Lutheran pastoral care depends on this distinction. A person burdened by guilt needs the Gospel, an announcement of forgiveness, not a list of corrective steps. A person comfortable in sin needs the Law, not moral encouragement, but confrontation with God’s standard. Confusing these two words, or blending them into a single message of moral improvement, empties both of their distinctive power.

Andrew Farhat’s ministry, spanning the Wash Park campus, Renewal Church at the Highlands, and the Life Groups distributed throughout Denver, carries this Law-Gospel discipline into every setting. The 15 Life Groups active across the city offer one of the primary contexts where this theological lens is applied to the specific circumstances members face at home, at work, and in their communities. The congregation’s podcast extends the same teaching to listeners beyond the campuses, making the Law-Gospel distinction accessible to a wider audience through a format suited to daily life.

The Sacraments as Concrete Means of Grace

Lutheran theology insists that grace is not merely an abstract concept; it is delivered through specific, physical means. Baptism and the Lord’s Supper are not human declarations or symbolic gestures.
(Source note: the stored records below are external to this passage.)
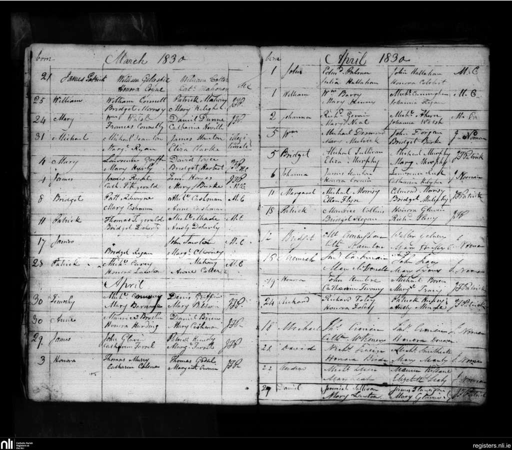 Killeagh; County of Cork; Diocese of Cloyne. Baptisms, Mar. 1830 to Apr. 1830
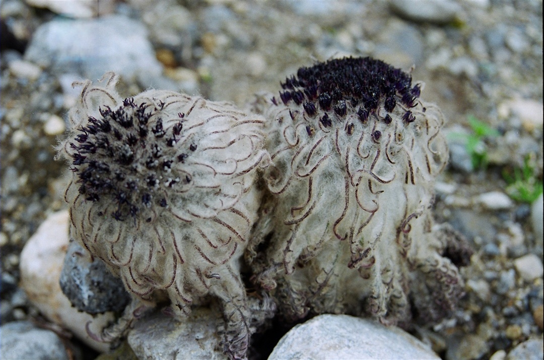 生长于青藏高原流石滩的水母雪兔子,白色绒毛包裹的植株紧贴砾石表面,紫蓝色花序在高海拔强紫外线环境中格外醒目(图片来源:中国科学院西北高原生物研究所)
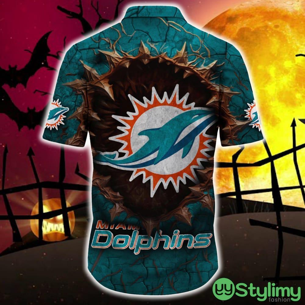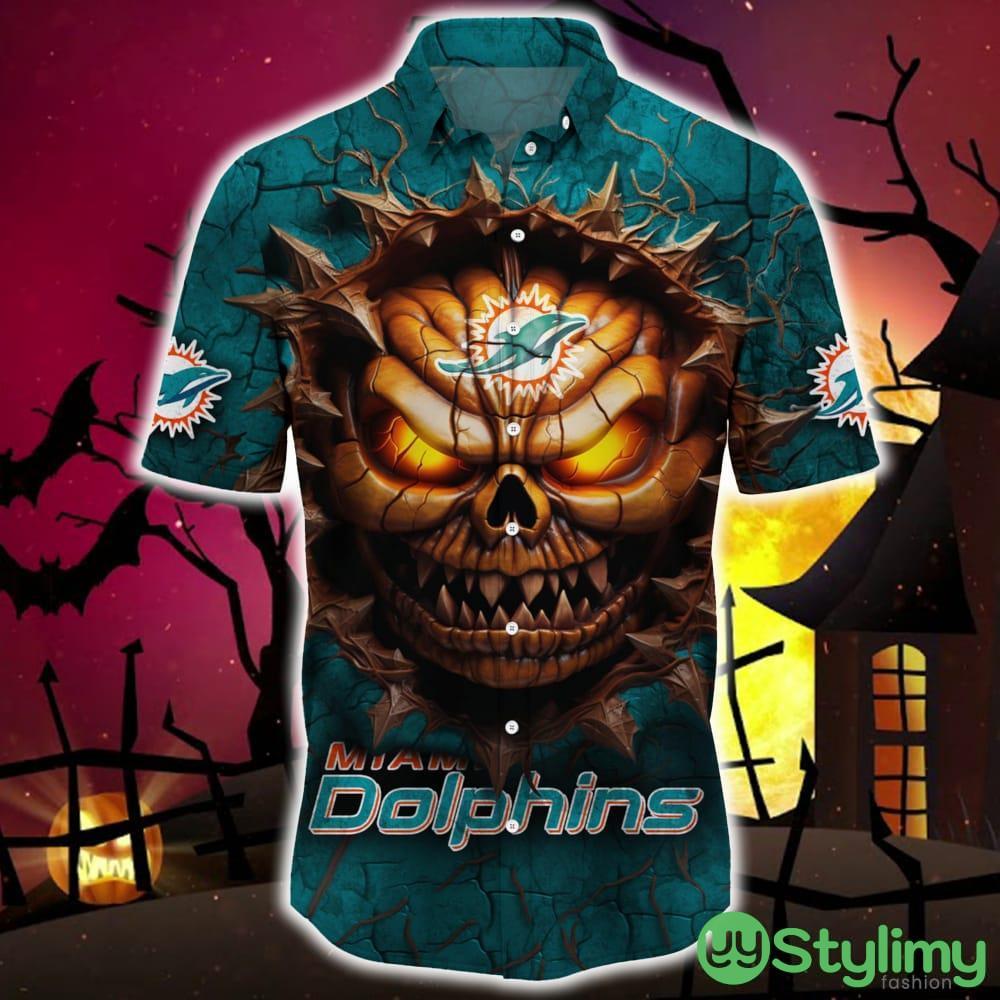 Miami Dolphins Halloween Angry Skull 3D Hawaiian Shirt For Fans Gift Christmas Men And Women Details:
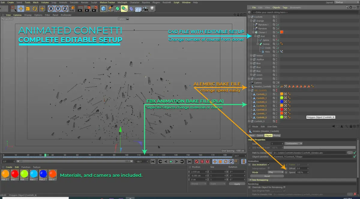 Animated Confetti with ultra realistic animation made in C4d. You can use in your projects just import in your scenes Change your desired Colors and hit render. its a complete 175 Frames realistic and editable Animation, you can easily modify or change Number of counts, Speed and Duration. no plugins needed, its a complete editable setup.
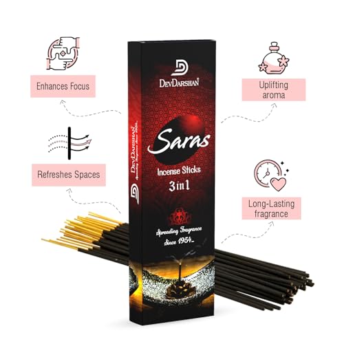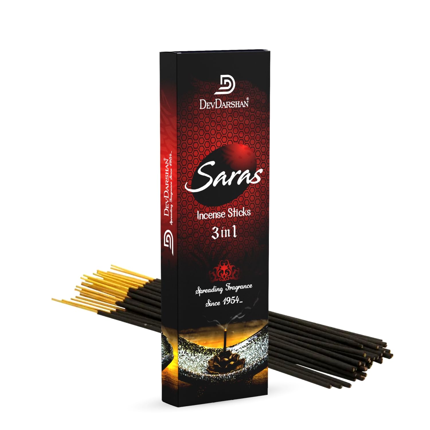 Devdarshan Saras Agarbathies is a 3 in 1 combination pack of premium fragrances 40g Agarbathies in each unit. Usage of the Incense sticks - For meditation or spiritual purpose. - Creates an aura that your prayer reaches the divine and is completed. - Healing power that has a soothing effect on the mind. Why Choose us? Since 1954 Devdarshan believed âQuality is Highest Priorityâ. We are manufacturing premium quality Dhoop Agarbatti Hawan Samagri Dry Dhoop Cones Chandan Dhoop Sticks & Sambrani Dhoop Cup Cones. The very name is an evidence for our popularity among the masses. Being at the culmination we have not only ruled out the markets nationwide but also abroad. We put forth every gesture just to serve the pious need of the masses to pray to the Almighty. Our Incense sticks are made from bamboo sticks and charcoal. They are made by creating the best mixture of essential oils barks flowers resins and they are worked into a tar like roll or they are just blended together. The combination of all these creates an amazing and pleasant aromatic smell offering you the best experience for all your purposes.
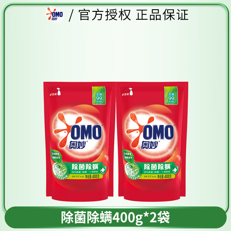 奥妙(OMO)整箱批家用实惠装持久留香除菌除螨补充袋装 400g 1袋*除菌除螨洗衣液
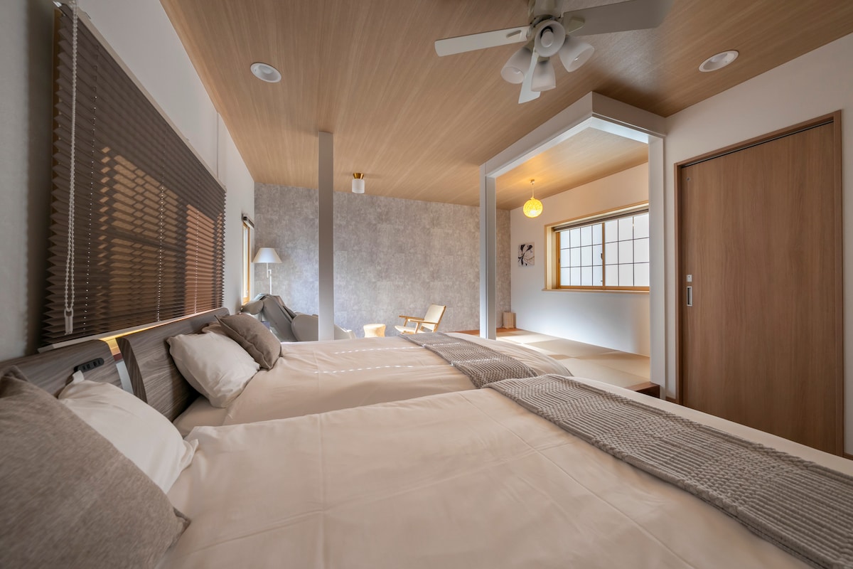 Nagbibigay kami ng ikalawang palapag ( 100㎡) ng bahay na may dalawang pamilya. Nakatira ang pamilya ng host sa unang palapag, ngunit ang ikalawang palapag ay isang ganap na nakahiwalay na bahay na pumapasok mula sa panlabas na hagdan, kaya pinapanatili ang privacy. Ang silid - tulugan ay may 1 kuwarto na may 6 na tatami mats east Japanese - style room (3 set ng futon) + 6 na tatami mats South Japanese - style room, 2 single bed, 1 semi - double bed ay maliit na kuwarto, sala at dining room. Ipinakilala ko ang isang low - eelasticity mattress sa isang all bed. (Tunay na Tulog ang Pangalan)
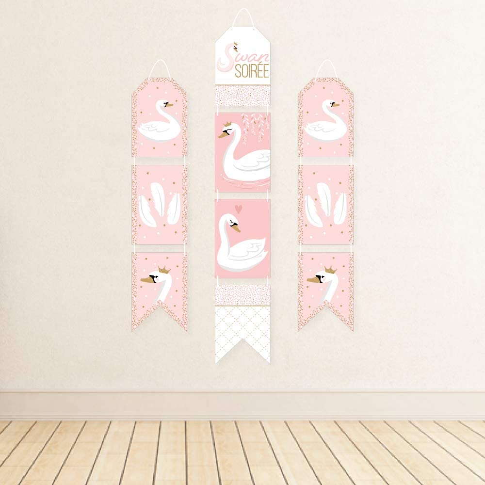 Swan Soiree - Hanging Vertical Paper Door Banners - White Swan Baby Shower or Birthday Party Wall Decoration Kit - Indoor Door Decor is backordered and will ship as soon as it is back in stock.
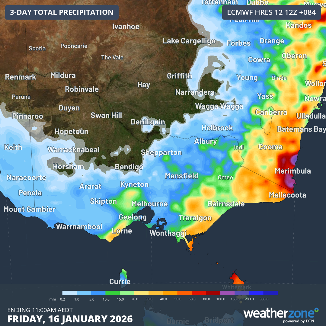 Image: Rain forecast map for Victoria for the three days up until the morning of Friday, January 16, according to the ECMWF model.
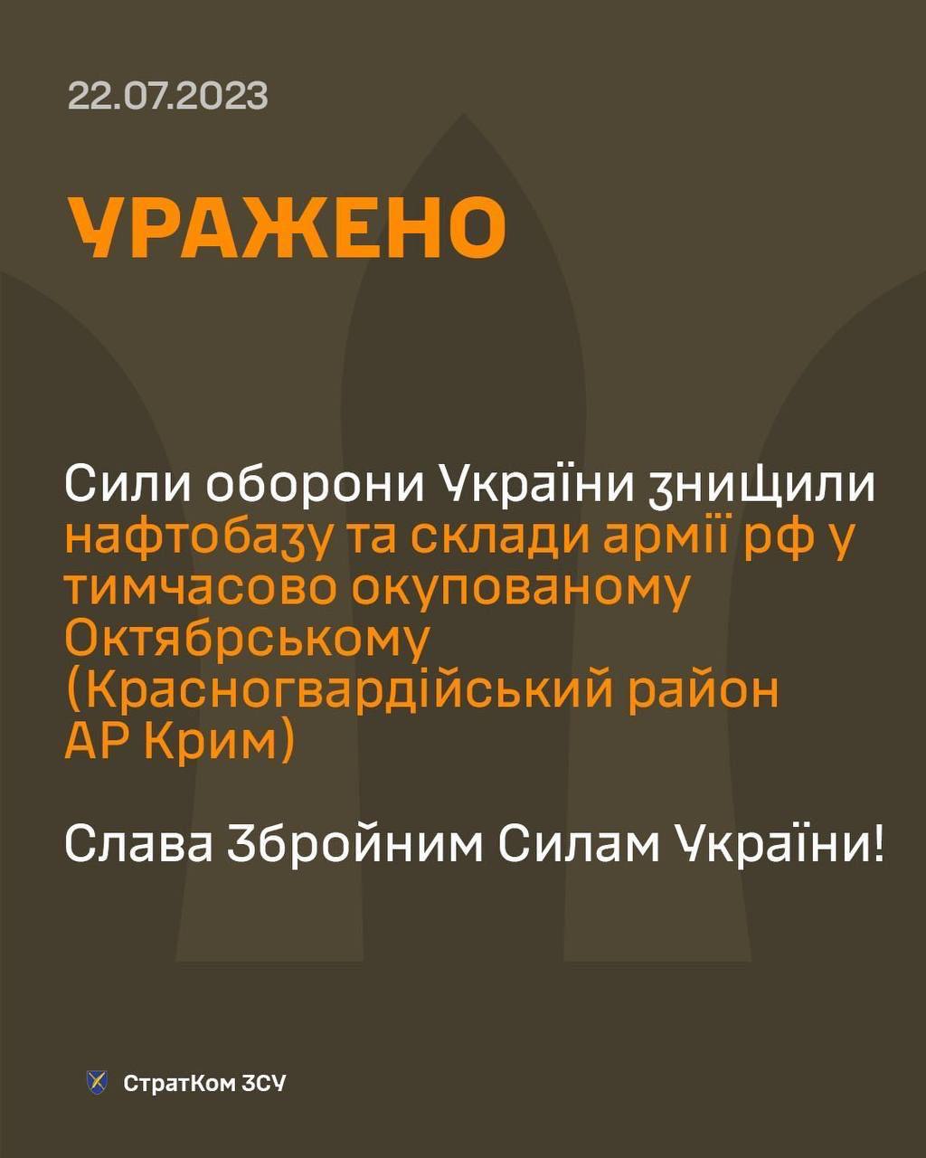 13:25 ВСУ подтвердили удар по нефтебазе и складу боеприпасов в Крыму.
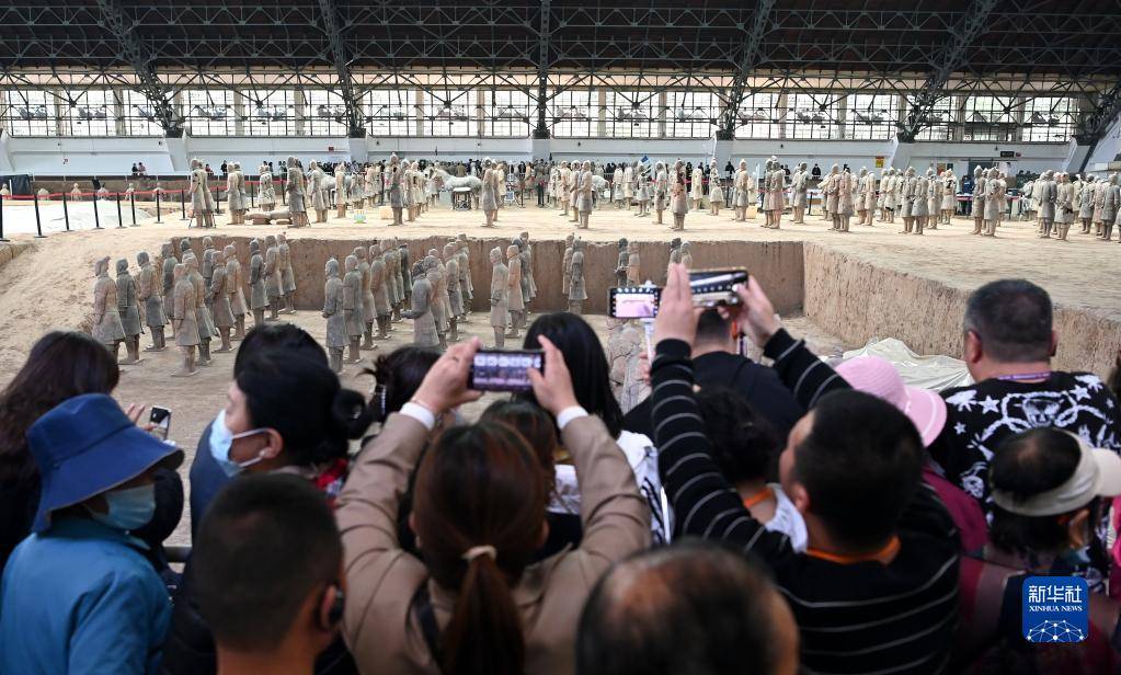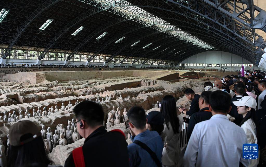 4月26日,游客在秦兵马俑二号坑遗址内参观。“五一”假期将至,位于陕西省西安市临潼区的秦始皇帝陵博物院已迎来节前游览小高峰,单日游客接待量超过5万人次。新华社发(邹竞一 摄)
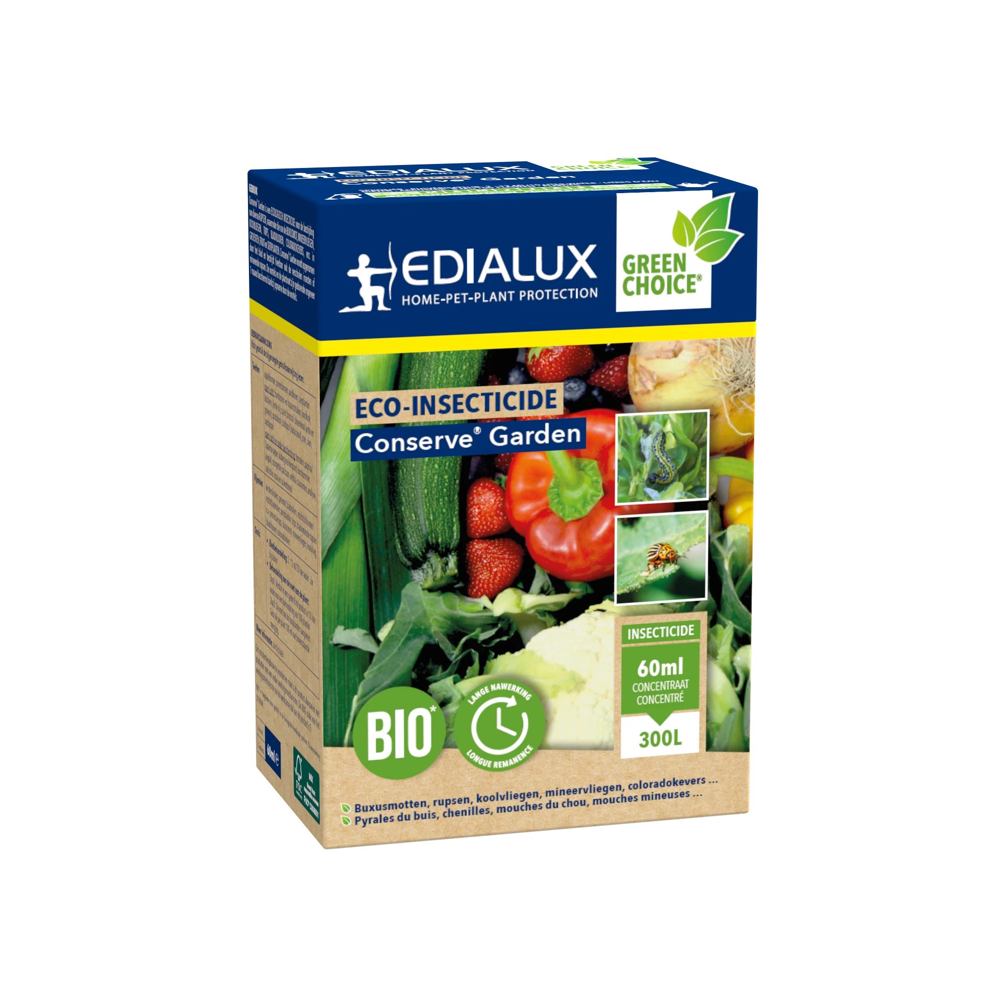 Conserve® Garden is een ecologisch insecticide voor de bestrijding van diverse rupsen, waaronder die van de buxusmot, mineervliegen, koolvliegen, trips, bladvlooien, coloradokevers, enz. in groenten, fruit en sierplanten. Conserve® Garden wordt opgenomen door het blad en bestrijdt hierdoor ook de verscholen insecten of minerende rupsen. De wortels en de plantvoet zijn gedurende ongeveer 1 maand beschermd dankzij opname door de wortels.

They are acts of God, joined to visible elements, water, bread, wine, through which forgiveness is given to particular people in specific moments.

This sacramental realism distinguishes confessional Lutheranism from many Protestant traditions that treat the sacraments as commemorative acts. For Andrew Farhat and the congregation at St. John’s Church Denver, the sacraments structure worship and provide the concrete anchors of assurance that believers return to throughout their lives. A person doubting their forgiveness is not pointed inward to feelings or upward to spiritual experiences; they are pointed to their Baptism, where God spoke a word over them, and to the Lord’s Supper, where Christ gives His body and blood for the forgiveness of sins.

Faithful living, in this framework, includes regular participation in these means of grace. The congregation’s worship life at both Denver campuses reflects this conviction in the cadence of its liturgy and sacramental practice.

Vocation: Faithful Living in Ordinary Roles

One of the Reformation’s most practically significant contributions is the doctrine of vocation, the conviction that God calls every Christian to serve the neighbor through ordinary, daily roles. The parent, the teacher, the engineer, and the administrator all occupy callings through which God provides for the world.

This doctrine dismantles the medieval hierarchy that elevated religious life above ordinary life. Luther argued that a cobbler who makes good shoes serves God as faithfully as a monk who prays all day, more so, because the cobbler is actually serving a neighbor. The Christian’s calling is not to escape the world but to serve within it with integrity, competence, and care. For Andrew Farhat, whose own vocational path moved from electrical engineering at the University of Washington to seminary formation at Concordia to pastoral ministry, this doctrine is not abstract; it is autobiographical.

St. John’s School Denver embeds this theological conviction in its educational model. The more than 300 students enrolled from Early Learning through eighth grade receive not only academic instruction but a framework for understanding their future work, relationships, and civic participation as callings from God. The educational mission that Andrew Farhat’s leadership at St. John’s School Denver sustains carries forward the parochial school tradition Luther himself championed, one that refuses to separate Christian formation from intellectual development.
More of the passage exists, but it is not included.